Students can expect additional information about their fall course schedules in July. There may be changes in scheduling and teaching format, but tuition rates will remain the same regardless.
For students taking classes on campus in the fall, officials don’t anticipate reducing fees because some services funded by those fees, such as University Health Services, remain operational. Blank said the university is still deciding whether to charge fees for students who take all of their coursework online.
Another unknown is teaching assignments. Some instructors who have an impaired immune system or are simply uncomfortable teaching face-to-face wonder if they will be forced to do so or if they have control of the format in which they lecture.
The university’s plan defers to academic departments to determine the format in which courses will be offered and to work with instructors who have health conditions.
UW-Madison’s graduate student union fears the greatest health risk will fall on the lowest-paid, the teaching assistants, to lead small, in-person classes. Co-president Alejandra Canales said the union is waiting to hear whether personal protective equipment will be provided and if instructors will be expected to enforce mask-wearing.
“As we’re seeing more resistance to wearing masks in public, we have to think about how safety procedures would be enforced, who that would fall on and whether that person has the authority to enforce those measures,” she said.
Will students follow rules?
Student behavior will play a crucial role in reducing the spread of COVID-19, a highly contagious disease for which there is no vaccine and can cause serious respiratory illness or death, especially for the elderly or people with underlying health conditions.
It’s hard to imagine all students will follow the guidelines, particularly when alcohol is involved and judgement becomes impaired, said University of Notre Dame professor Susan Blum, whose research focuses on campus culture and the student experience.
On Blum’s own campus, the discussion has drifted away from punishing those who defy the guidelines and is focused instead on how to encourage them to embrace the restrictions.
UW-Madison officials are optimistic about students’ level of cooperation because so many of them want to be back on campus after half of their spring semester unfolded entirely behind a computer screen. A marketing campaign will educate students on the importance of following health guidelines.

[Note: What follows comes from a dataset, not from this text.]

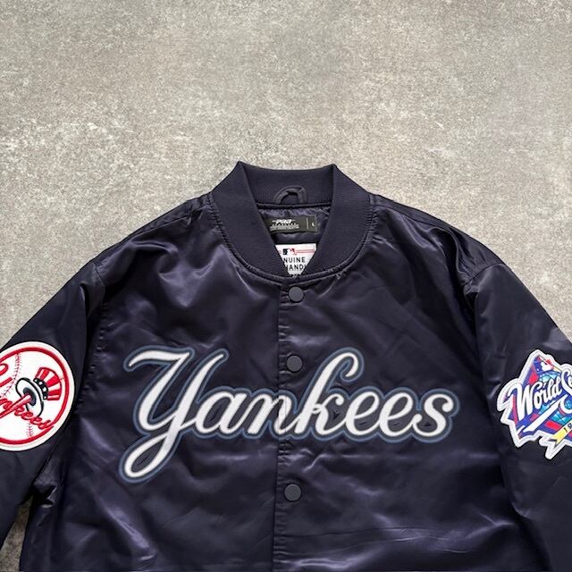 【GENUINE MERCHANDISE】New York Yankees ゲン ニューヨークヤンキース ナイロンスタジャン スタジアムジャンパー デカロゴ ワッペン (L)
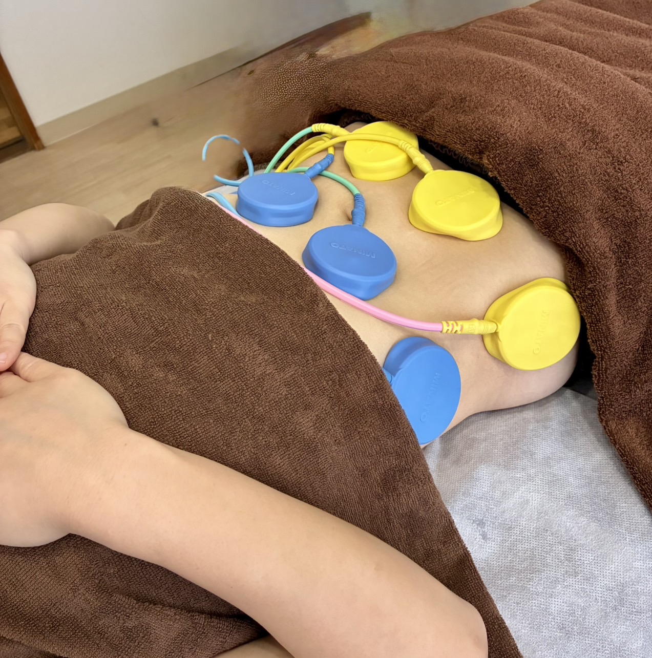 温めることで血流を改善させて冷えやむくみを取っていきます。

The safest bet would be for students to stay home, Blum said. But a host of reasons have led most residential colleges to decide to reopen — students on the cusp of finishing their degree, families who are unwilling to fork over full tuition for an entirely online experience, employees whose livelihoods depend on the schools, institutions that cannot financially afford to continue operating the way they have during the pandemic so far.
“All of these things are completely intertwined so I can certainly understand why all of these college leaders want to reopen,” she said. “But the downsides are pretty numerous as well. I wouldn’t want to trust the survival of vulnerable members of the community to the judgement of all students gathered on a college campus.”
Even students are somewhat skeptical of their peers’ ability to follow social distancing guidelines. Some photos on social media show lines of UW-Madison students crowded outside college bars and waiting to get inside since the statewide stay-at-home order lifted.
“It would take a big culture shift that would have to be student-led,” UW-Madison student government leader Laura Downer said. “I don’t know if I see that shift happening yet.”
State Journal reporter David Wahlberg contributed to this report.